Mac and Kelly Radner (Seth Rogen and Rose Byrne) are a young couple with a newborn daughter. They’re having trouble adjusting to their new lifestyle and they may not want to give up their youth just yet. One day, a fraternity moves into the house next door to them. They visit the house and talk to the fraternity’s leader Teddy Sanders (Zac Efron) and ask him to keep the noise down. Teddy agrees, as long as they promise to come to him with any complaints and not call the police. Mac and Kelly agree to this promise, but end up breaking it one night when Teddy doesn’t answer his phone. They call the cops and upset Teddy in the process. He decides to make Mac and Kelly’s life a living hell, but they’re not going down without a fight.

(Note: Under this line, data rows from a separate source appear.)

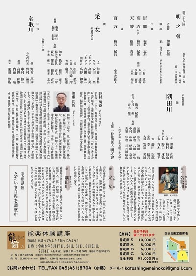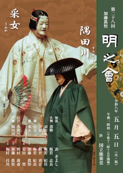 『采女』と『隅田川』にある悲しみから、『名取川』にみる再生の光を感じる一日となりますよう、明之會へお出かけください。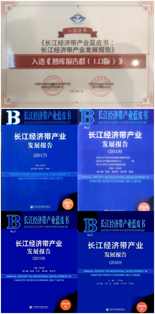 吴传清教授研究团队研创的《长江经济带产业蓝皮书:长江经济带产业发展报告》(2017—2020)由社会科学文献出版社出版。该书融学术研究与政策研究为一体,主要由总报告、专题报告、调研报告和附录四个部分组成,注重运用官方统计数据、实地调研资料,采用文献研究法、定量研究法、案例研究法等多元化方法。《长江经济带产业蓝皮书:长江经济带产业发展报告》先后荣获系列奖项:专题报告《长江经济带工业绿色发展报告》荣获中国社会科学院颁发的2018年第九届“优秀皮书报告奖”一等奖;总报告《长江经济带产业绿色发展报告》荣获中国社会科学院颁发的2019年第十届“优秀皮书报告奖”一等奖等。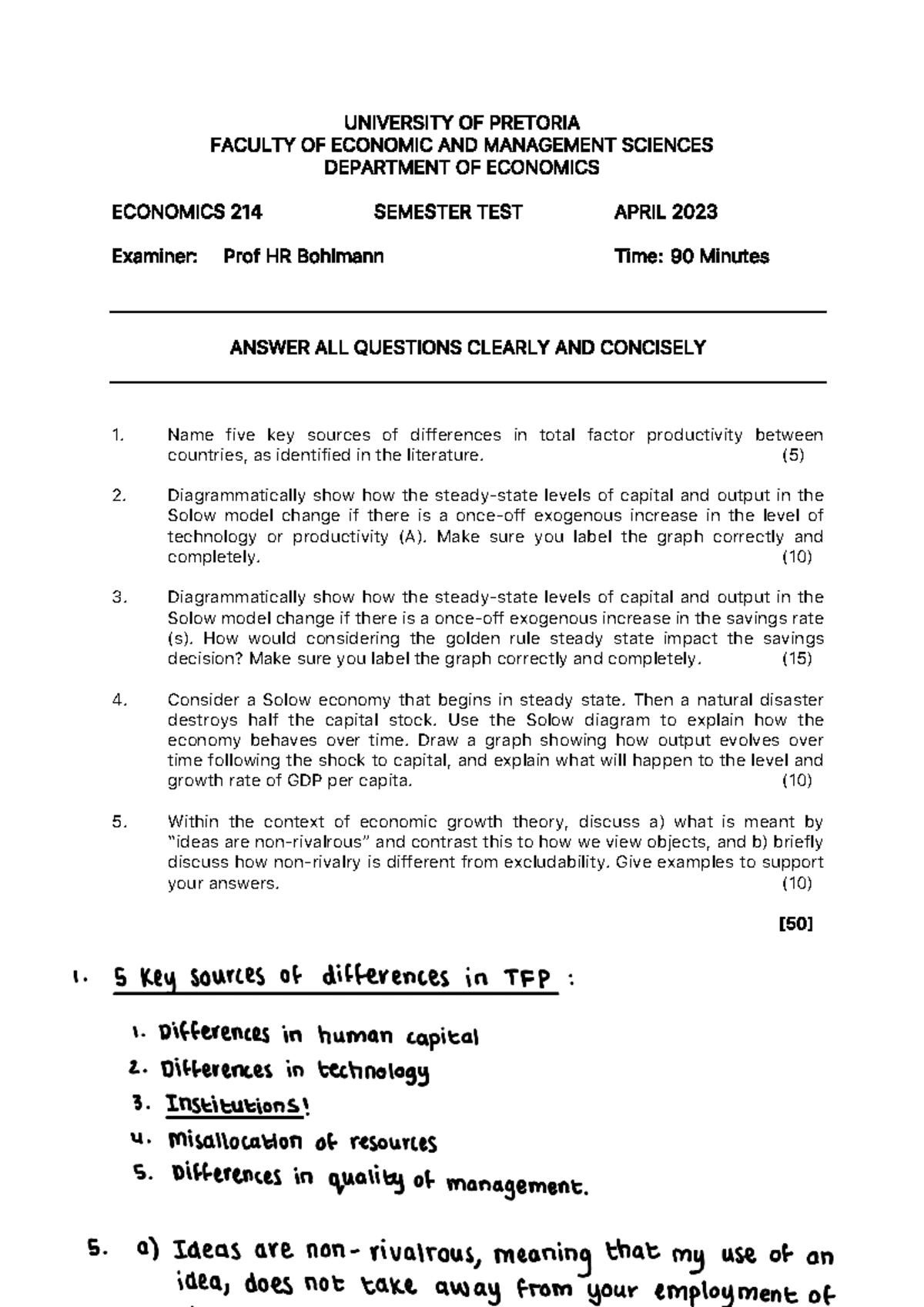 ECO 214 Semester Test 2: Key Concepts in Economic Growth Theory - Studocu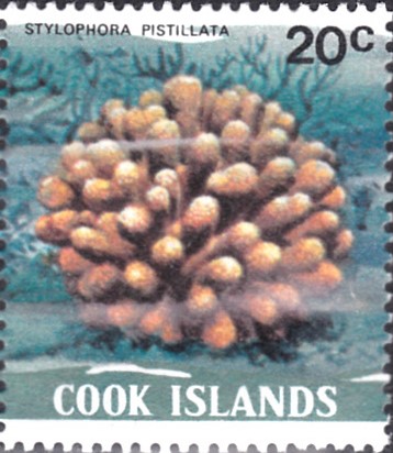 Auf einer Marke der Cook-Inseln (MiNr 728) wird eine Griffelkoralle (Stylophora pistillata) gezeigt.

Written by Andrew J. Cohen and Brendan O’Brien, the film’s script doesn’t supply enough jokes to keep audience members laughing through the entire film. When the laughs do come, they mostly amount to a few chuckles here and there, with only a few truly hilarious scenes in the whole film. This is a raunchy movie, which is perfectly fine, but this film’s raunchy jokes feel like they are simply there to gross out audience members and earn an R rating. Raunchy jokes can be hysterical if they are done well, but here they lack the wit and cleverness that many of Seth Rogen’s best films have had. While the film’s script fails to deliver the jokes, it does successfully provide each major character with a well-constructed character arc. Mac and Kelly terrorizing the fraternity to stay young and Teddy terrorizing the family next door because of his fear of growing old adds a nice dose of warmth into what could have been a very cynical film.

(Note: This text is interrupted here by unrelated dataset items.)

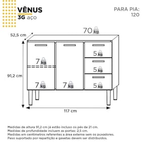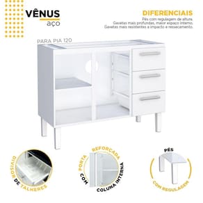 A linha de armários em aço para cozinha Vênus Flat, da Cozimax, é resistente, fabricado em aço eletrogalvanizado com garantia de 5 anos, protegido por pintura em pó eletrostática, possui portas com design moderno e cantos retos, puxadores em ABS com acabamento metalizado. Acabamento da Prateleira: Pintura Escala de Brilho da Prateleira: Fosco Acabamento da Gaveta: Pintura Escala de Brilho da Gaveta: Brilhante Material do Puxador da Gaveta: ABS Acabamento da Porta: Pintura Escala de Brilho da Porta: Brilhante Material do Puxador da Porta: ABS Altura dos Pés: 21 cm Altura Máxima dos Pés: 21.0000 Ambiente Principal: Cozinha codigo_ean: 7909903175477 Complexidade da Montagem: Média: pode ser montado por mais de uma pessoa e/ou necessite de maior conhecimento para montagem Cor: Branco Cor do Produto: Branco Cor Interna: Branco Escala de Brilho: Brilhante Gaveta com Chave: Não Itens Inclusos: 1 Armário, Kit Ferragens e Manual de Montagem Linha ou Coleção: Vênus Manual de Montagem e Instalação: https://product-hub-prd.madeiramadeira.com.br/808948/documents/f1aea6a5-a62d-43d6-9784-de3d6b093161flat1001203gcertf445322xa4.pdf Material da Dobradiça/Corrediça da Porta: Metálica Material da Gaveta: Polipropileno Material da Porta: Aço Material da Prateleira: Aço Material dos Pés: Polipropileno Necessita Montagem: Sim Origem do Produto: Nacional Pés Reguláveis: Sim Peso: 23 kg Peso Máximo por Gaveta: 5 kg Peso Máximo por Prateleira: 7 kg Possui Espelho: Não Possui Possui Pés: 04 Possui Portas: Sim Possui Prateleiras: Sim Possui Rodízio: Não Produto Montado: Sim Recomendações de Uso, Manutenção e Limpeza: Pano Umedecido Sapatas Niveladoras: Sim Sistema de Montagem: Parafusos Suporta Até (kg): 70 kg Tipo de Corrediça da Gaveta: Simples Tipo de Dobradiça/Corrediça da Porta: Simples Tipo de Puxador da Gaveta: Externo Tipo de Puxador da Porta: Externo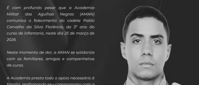 Um cadete da Academia Militar das Agulhas Negras (AMAN) morreu nesta quarta-feira (25), em Resende (RJ),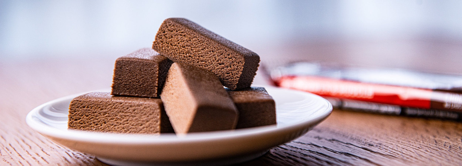 Milchprotein, Kollagenhydrolysat (Rind), Milchschokolade mit Süssungsmittel 17% (Süssungsmittel Maltitol, Kakaobutter, Vollmilchpulver, Kakaomasse, Emulgator Sojalecithin, Aroma), Feuchthaltemittel Glycerin, Wasser, Palmfett, Soja-Kakao-Crisps 3.6% (Sojaprotein, Kakaopulver, Tapiokastärke), Aroma, Süssungsmittel Sucralose. Kann Spuren von Gluten, Nüssen und Erdnüssen enthalten.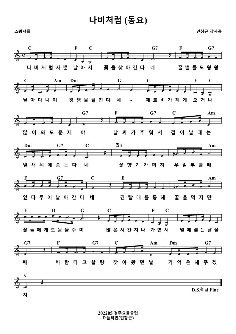 #나비처럼 #사뿐날아서 #꽃 #꽃을찾아간다네 #꿀벌 #꿀벌들도 #윙윙 #날아다니며 #경쟁을펼친다네 #때로 #비가적게오거나 #많이와도 #문제야 #날씨가추워서 #겁이날때는 #잎새뒤에 #숨는다네 #꽃향기 #꽃향기가퍼져 #우릴부를때 #앞다투어 #날아간다네 #긴빨대를통해 #꿀을먹지만 #꽃들에게 #도움을주며 #많은시간지나가면서 #열매맺는날 #올때 #바람타고 #살랑 #찾아왔던날 #기억은해주겠지 #동요 #새동요 #새가요 #건전가요 #찬양 #새찬양 #창작곡 #성악곡 #연주곡 #요들러민 #민창근 #충만교회 #청주충만교회 #용암동 #2022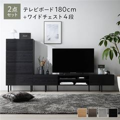 テレビボード180cm幅+ワイドチェスト4段:(1)76.5×41×25.5cm・29kg、(2)64.5×40×16cm・18.5kg、(3)107×40×9.5cm・18.5kg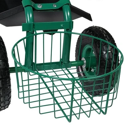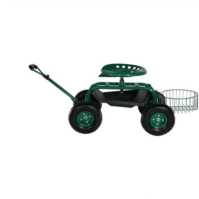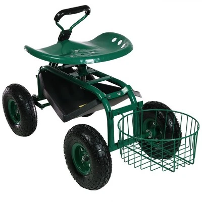 - Rolling seat garden yard landscape cart with tool basket, tray and pull handle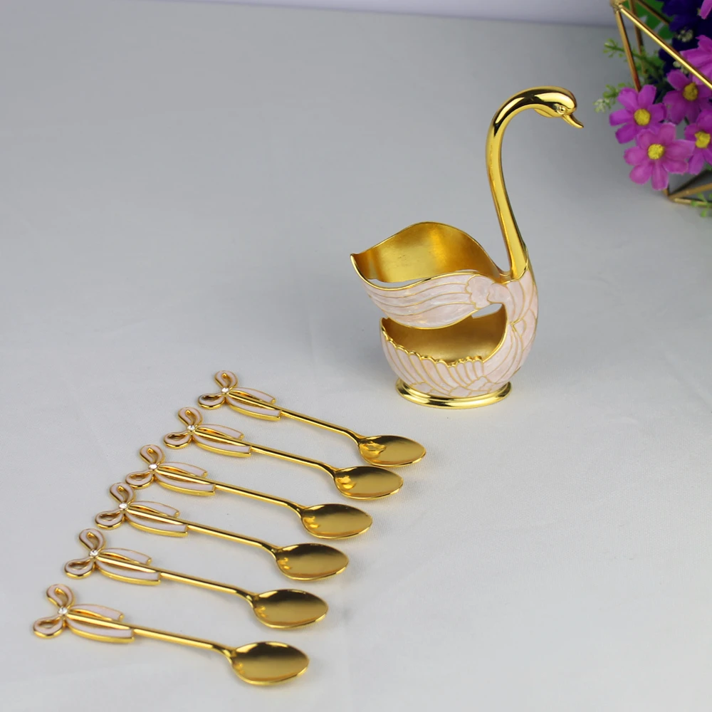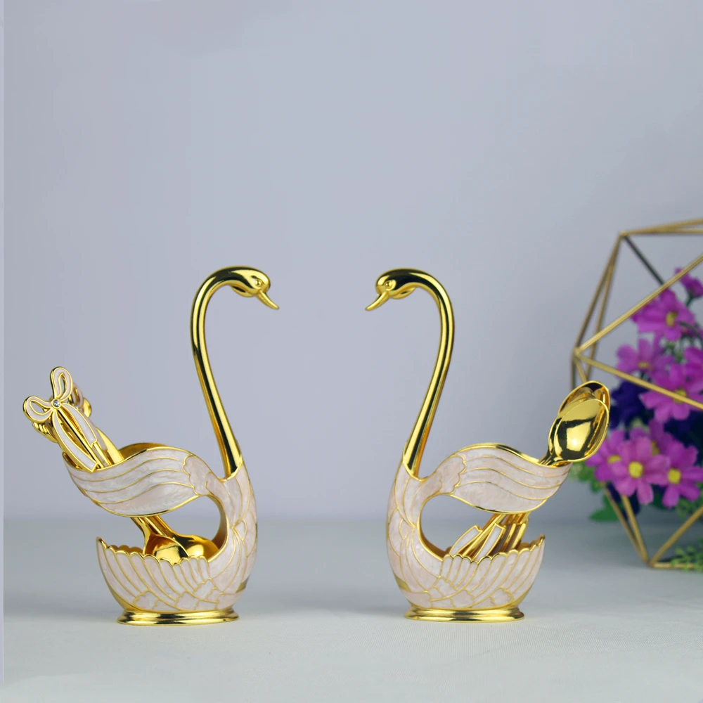 Посуда лебедь в европейском стиле изящная Золотаясеребристая отделка металлический торткомплект кофейных ложек Роскошная Посуда для домашнего декора стола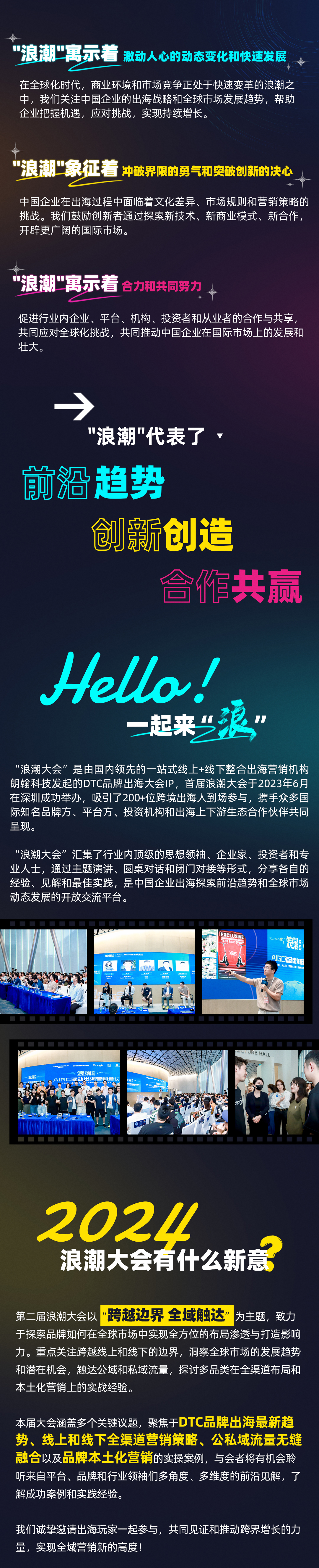 "浪潮大会”是由国内领先的一站式线上+线下整合出海营销机构朗翰科技发起的DTC品牌出海大会IP,首届浪潮大会于2023年6月在深圳成功举办,吸引了200+位跨境出海人到场参与,携手众多国际知名品牌方、平台方、投资机构和出海上下游生态合作伙伴共同呈现。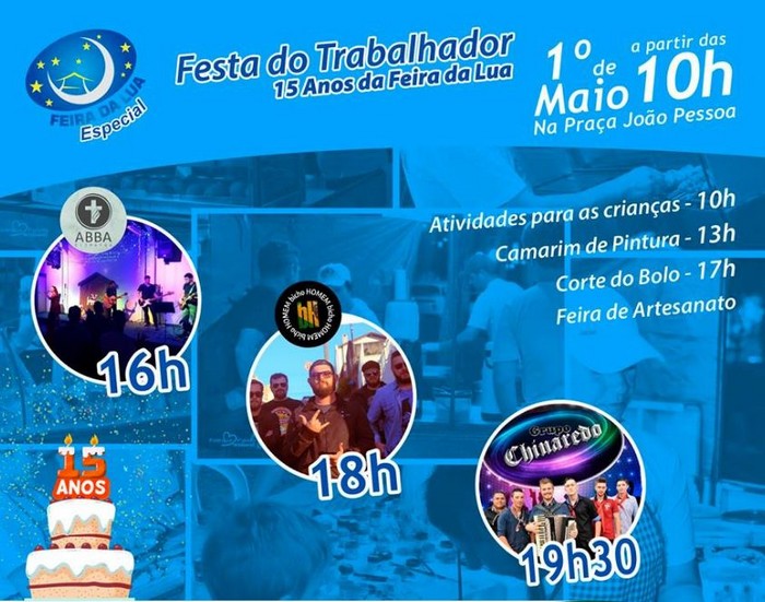 No perÃodo da tarde terá o corte do bolo comemorativo aos 15 anos da Feira da Lua e a partir das 18h haverá apresentações musicais com a Banda Bicho Homem e o Grupo Chinaredo.

Even though the film isn’t as funny as it should have been, director Nicholas Stoller always keeps the film incredibly watchable. With a short runtime, the film moves along at a nice pace and never drags. This is a great looking film and the party scenes within the fraternity’s house are especially gorgeous. Stoller and cinematographer Brandon Trost give each party a distinct look and personality, despite taking place in the same location.

Seth Rogen and Rose Byrne have excellent chemistry together and Zac Efron gives what might be the best performance of his career, but even they can’t save Neighbors from feeling like a disappointment. The film is put together nicely, but most of the humor can’t live up to the film’s great premise. Leaving the theater, one can’t help but wonder how much funnier this could have been. What should have been the best comedy of the summer is nothing more than a passable 96 minutes.